30 setembro 2008

O admirador dos marginais

No rosto magro e comprido, atrás dos óculos de armação fina, estão olhos escuros, pequenos e aproximados. A impressão enganosa de desinteresse pelo que está ao redor surge quando senta, à vontade e inclinado, como quem busca descanso. É enganosa a impressão porque há uma naturalidade na postura. Percebe-se elegância no gesto, sempre marcado pela posição das mãos de dedos compridos, que às vezes estão juntas e escondidas entre as pernas constantemente cruzadas. Quando cansa deste modo, usa as costas da mão direita para servir de apoio ao rosto, ou, então, simplesmente cruza os braços com a mesma elegância displicente de antes. Raramente fala.

Alto e magro, ele não é um sujeito que passa sem que se perceba a camiseta, o jeans e o All Star. Do jeito que se veste, se misturaria fácil com os músicos que sobem, atrás de guitarras, a rua Teodoro Sampaio, em São Paulo. Entre colegas de curso, vindos de diferentes lugares do Brasil, também consegue ser invisível, sair e entrar nas rodas de conversas sem nada falar e com total sutileza, para ficar no seu canto, recluso e reservado. Quando atento, levanta as sobrancelhas, que só retornam à posição natural na hora precisa que pede a fala para uma pergunta ou comentário, sempre coerentes e com a voz baixa e grave. Um leve sorriso sempre encerra a frase e a sua ironia mansa.

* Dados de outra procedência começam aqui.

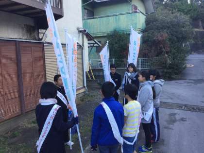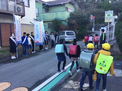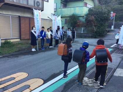 12月14日(金)三小・香貫小で小学生とともにあいさつ運動を実施しました。本年度最後のあいさつ運動です。写真は香貫小(歩道橋下)でのようすです。
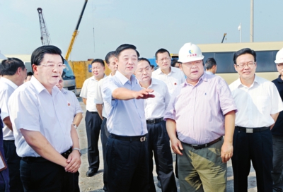 圖為劉奇葆(前中)一行在王建軍、侯曉春等的陪同下,在香港玖源化工建設(shè)現(xiàn)場(chǎng)調(diào)研。

A primeira vez que o percebi foi quando falou. Tratava-se da apresentação pessoal que se submete todo foca do curso, como acontece em qualquer início de aula em qualquer lugar novo. Quando revelou de onde veio, um município pouco conhecido, fez referência à cidade mais importante e próxima para tentar esclarecer a sua localização. Achei divertido aquilo. Primeiro porque já passei por sua cidade. Segundo porque a explicação se repetiu nos dias seguintes, sempre aborrecido com a obrigação de detalhar. Depois, pouco falou.

A nossa única aproximação aconteceu no dia em que sentamos lado a lado no refeitório. Apenas me ouvia enquanto eu falava para tentar contato. Não nos olhávamos. Certamente estava com as sobrancelhas arqueadas, ao mesmo tempo em que mastigava e ouvia o meu relato sobre a passagem por sua cidade e universidade. Por duas vezes, após silêncios, respondeu quando não se espera por respostas. Sobre a universidade, revelou predileção por autores marginais contemporâneos e por literatura africana. Sobre a sua cidade, confirmou a existência da cerveja local que mencionei, acrescentando que havia outra marca, mais consumida. Lembrei da bebida, mais barata e vendida aos universitários de orçamento apertado nos botecos e padarias de esquina. Quando terminava esse pensamento, ele já se despedia. Deixou dois pedaços da sobremesa, disse estar apressado e se retirou sutilmente.


PS: Este perfil foi produzido para aula do 19º Curso Estado de Jornalismo.